== What you will do ==
Reproduce only this stretch of the listing below: from the line with "BBURAGO DIE CAST" through the line with "昔は違法な物を売る露店等もあ", exactly as written, with pictures excluded.

== Records supplied ==
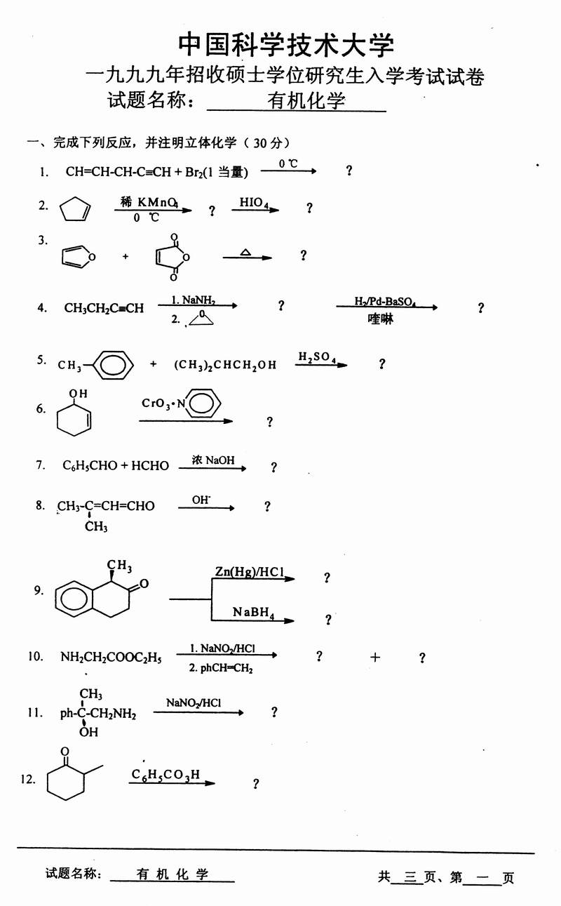专业课考研经验 本站小编 FreeKaoyan 2018-01-22中国科学技术大学1999年考研真题-无机化学
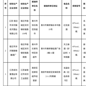 原标题:江苏抽检食品安全,三批次酒不合格,涉氰化物、甜蜜素及酒精度
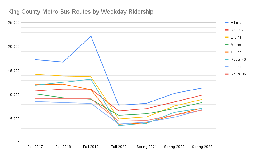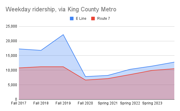 The E Line remains the highest ridership bus in the region, and its average weekday rides climbed to 12,779 in April and May of 2024, according to Metro. However, it still sits at 68% of its three-year pre-pandemic weekday ridership average. Due in part to construction impacts during the Alaskan Way Viaduct replacement project and a big boost in bus frequency to compensate, the E Line hit a record-high of 22,184 weekday rides in fall 2019.
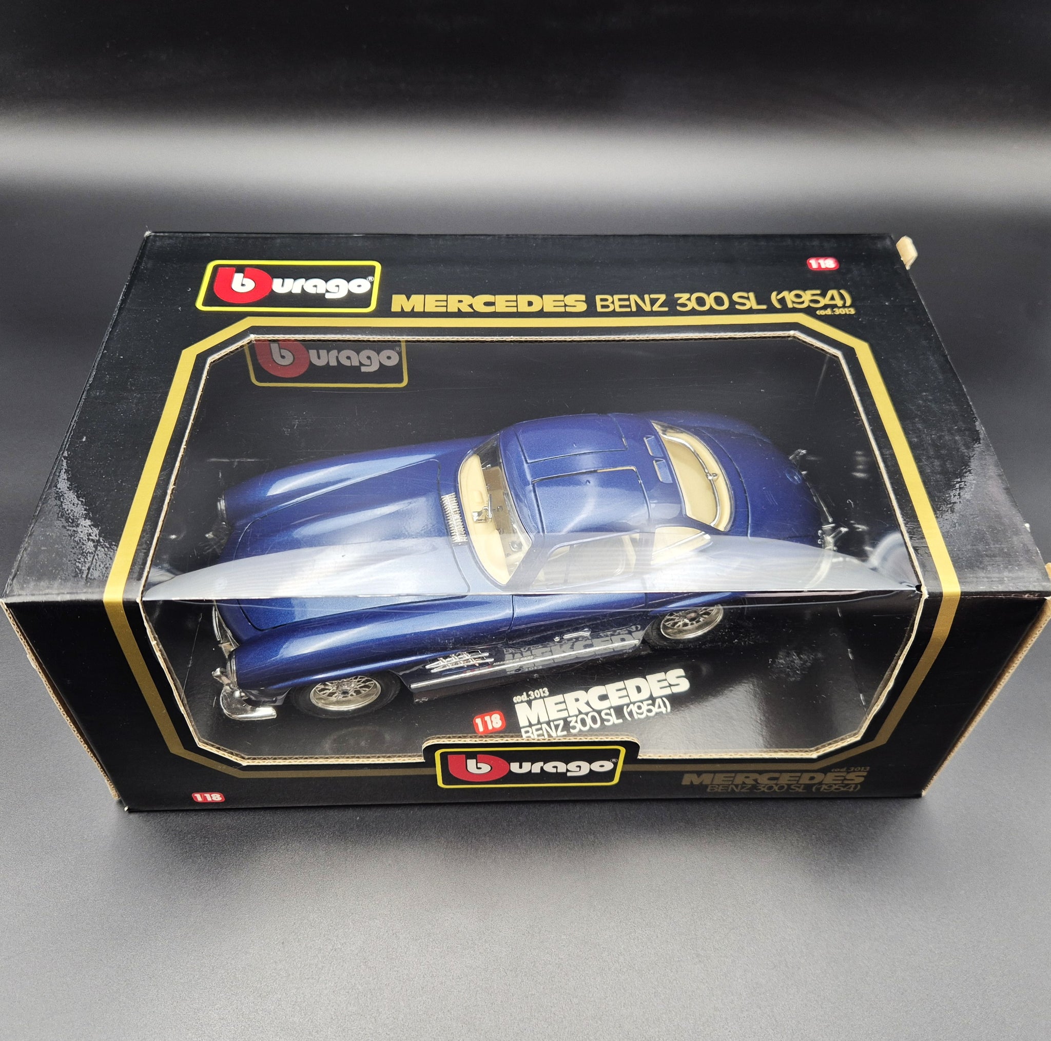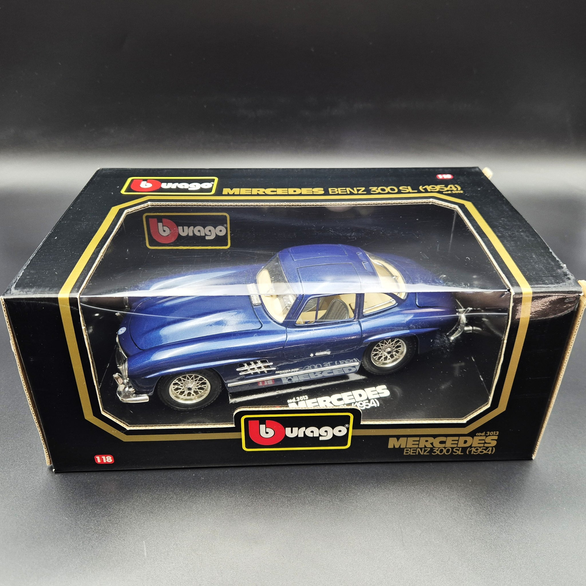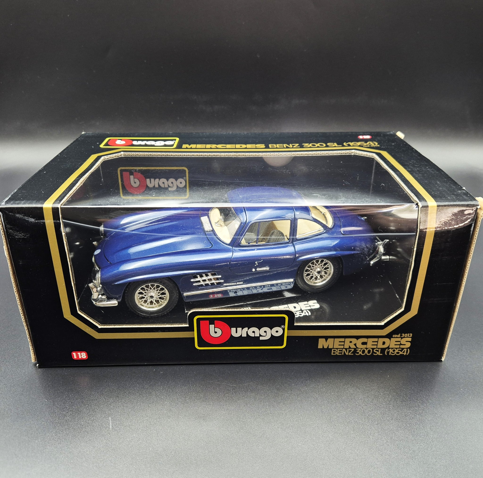 BBURAGO DIE CAST CAR - 1954 Mercedes-Benz 300 SL Gullwing Blue 1:18 Die Cast Car
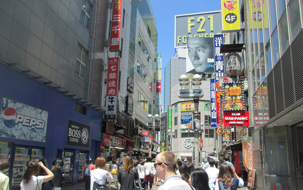 昔は違法な物を売る露店等もありましたが、今は清浄化されています。渋谷の中心街の一つです。
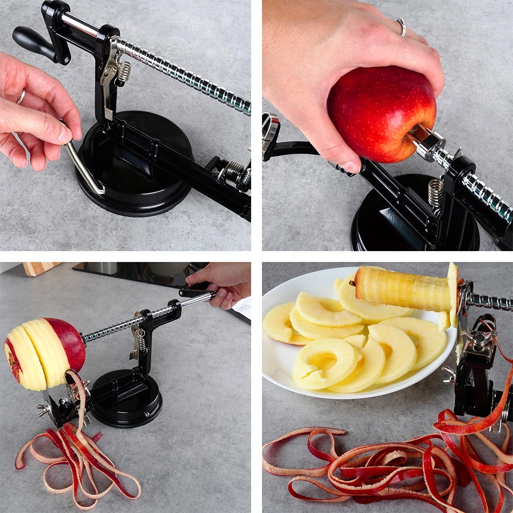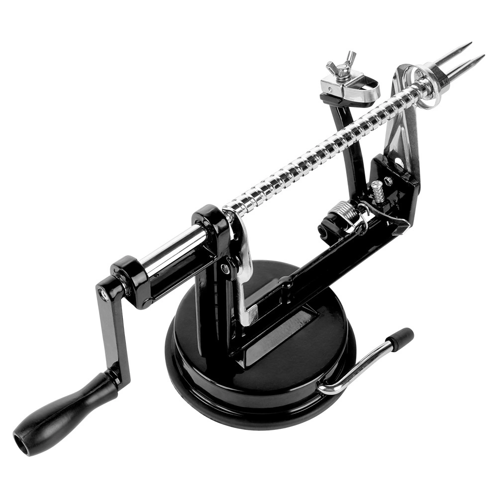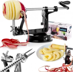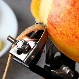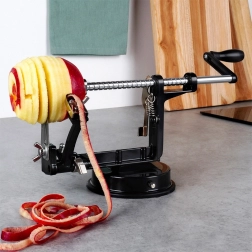Un ajutor practic în bucătărie, care într-o singură operațiune decojește, îndepărtează cotorul și taie merele, perele sau cartofii în spirale atrăgătoare. Datorită ghidajului precis și lamelor ascuțite obțineți felii uniforme, ideale pentru ștrudele, chipsuri crocante, deshidratare sau servire decorativă.

== Output for this exercise ==
 BBURAGO DIE CAST CAR - 1954 Mercedes-Benz 300 SL Gullwing Blue 1:18 Die Cast Car
 昔は違法な物を売る露店等もありましたが、今は清浄化されています。渋谷の中心街の一つです。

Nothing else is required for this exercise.